Task material.
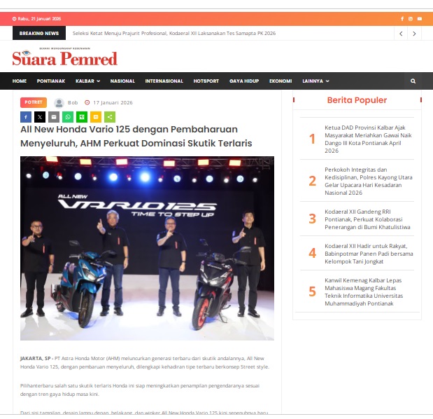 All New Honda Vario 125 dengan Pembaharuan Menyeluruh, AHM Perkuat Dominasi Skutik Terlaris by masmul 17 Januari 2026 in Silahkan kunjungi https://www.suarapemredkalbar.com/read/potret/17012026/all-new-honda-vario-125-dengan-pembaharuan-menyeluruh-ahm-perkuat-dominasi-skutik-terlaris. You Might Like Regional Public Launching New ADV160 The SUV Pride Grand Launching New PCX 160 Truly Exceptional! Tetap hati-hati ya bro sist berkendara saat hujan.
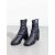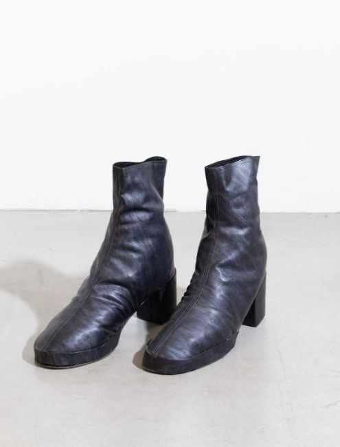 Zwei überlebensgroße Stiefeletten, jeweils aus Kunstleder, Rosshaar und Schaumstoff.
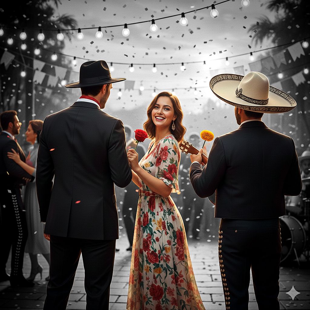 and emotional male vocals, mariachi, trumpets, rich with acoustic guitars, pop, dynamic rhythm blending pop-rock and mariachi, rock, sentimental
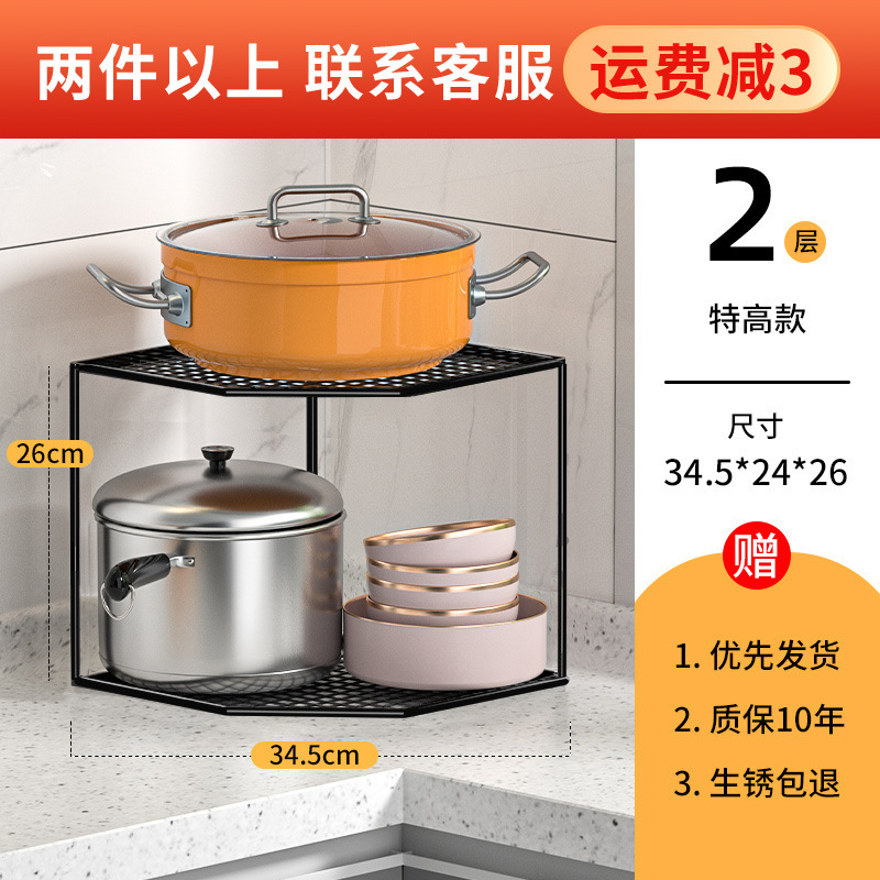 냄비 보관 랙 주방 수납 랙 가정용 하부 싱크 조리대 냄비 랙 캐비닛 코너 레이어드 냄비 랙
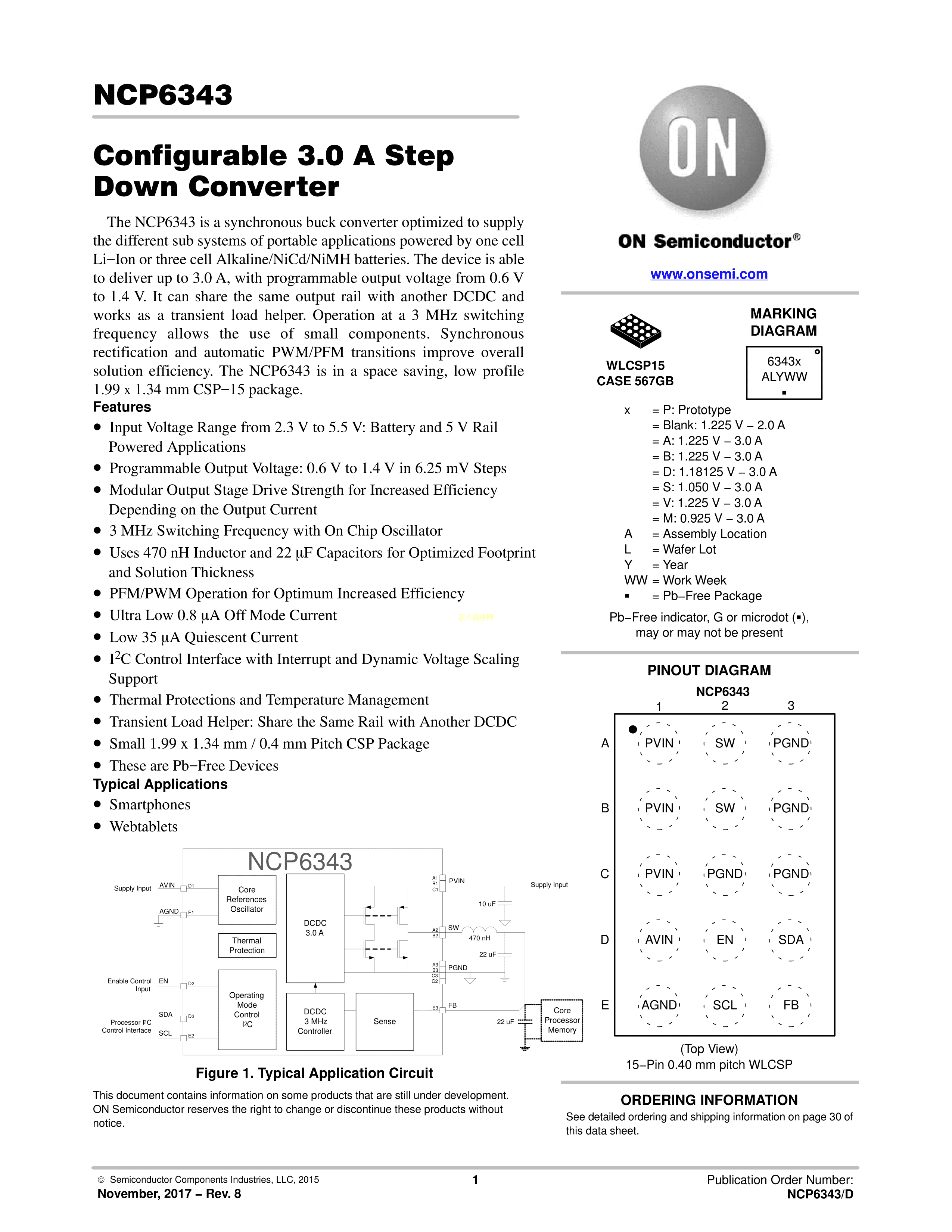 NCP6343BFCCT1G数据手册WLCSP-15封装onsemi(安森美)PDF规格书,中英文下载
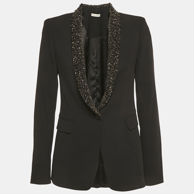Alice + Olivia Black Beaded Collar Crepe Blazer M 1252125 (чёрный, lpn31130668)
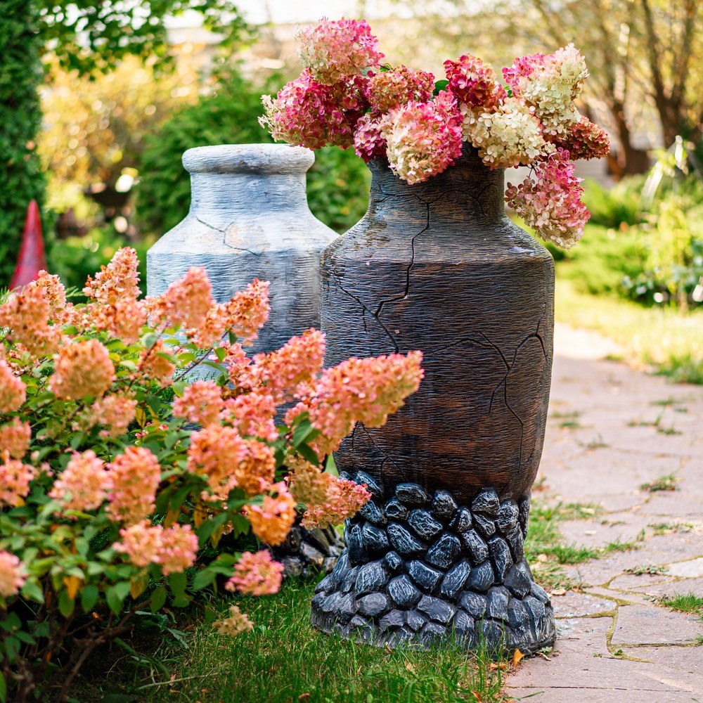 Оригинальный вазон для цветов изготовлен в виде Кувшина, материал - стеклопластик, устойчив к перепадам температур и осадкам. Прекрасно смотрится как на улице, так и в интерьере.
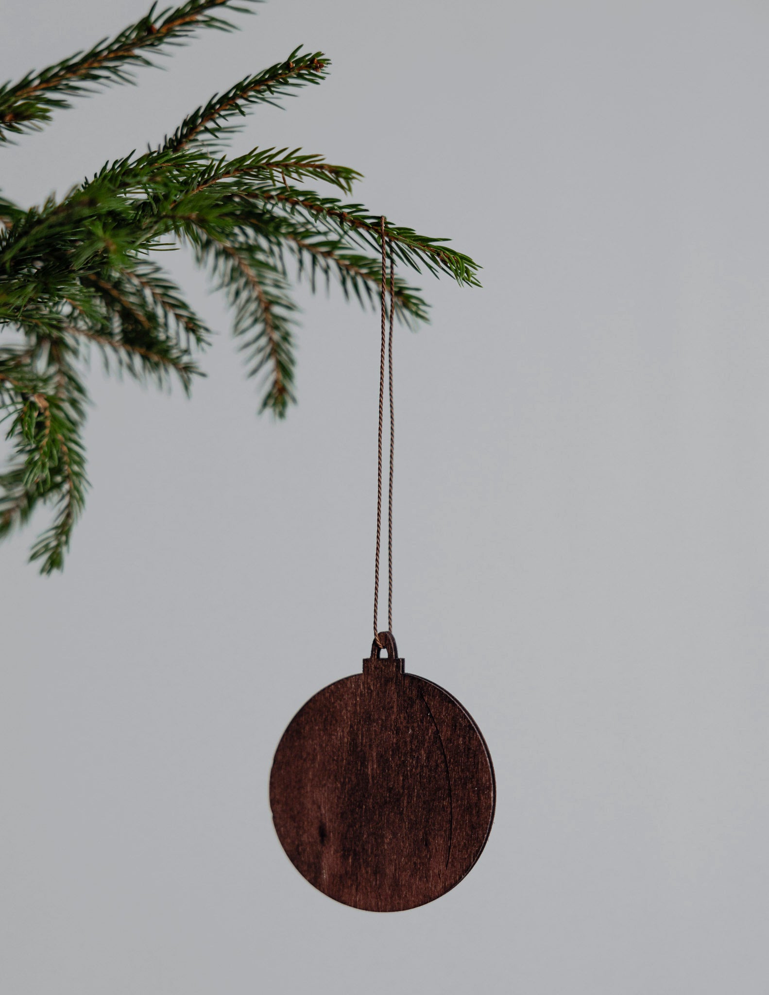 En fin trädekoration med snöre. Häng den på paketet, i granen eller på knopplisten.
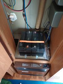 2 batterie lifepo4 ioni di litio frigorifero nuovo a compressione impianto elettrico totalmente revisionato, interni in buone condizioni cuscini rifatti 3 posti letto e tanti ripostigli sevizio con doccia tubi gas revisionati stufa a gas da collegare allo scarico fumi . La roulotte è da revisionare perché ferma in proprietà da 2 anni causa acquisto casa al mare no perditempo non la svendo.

--

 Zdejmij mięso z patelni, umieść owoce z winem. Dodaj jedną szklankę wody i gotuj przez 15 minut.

Instructions for the task.
Pictures aside, print exactly the lines above starting with the one containing "Alice + Olivia" and going on through the one containing "En fin trädekoration".

Solution below.
Alice + Olivia Black Beaded Collar Crepe Blazer M 1252125 (чёрный, lpn31130668)
 Оригинальный вазон для цветов изготовлен в виде Кувшина, материал - стеклопластик, устойчив к перепадам температур и осадкам. Прекрасно смотрится как на улице, так и в интерьере.
 En fin trädekoration med snöre. Häng den på paketet, i granen eller på knopplisten.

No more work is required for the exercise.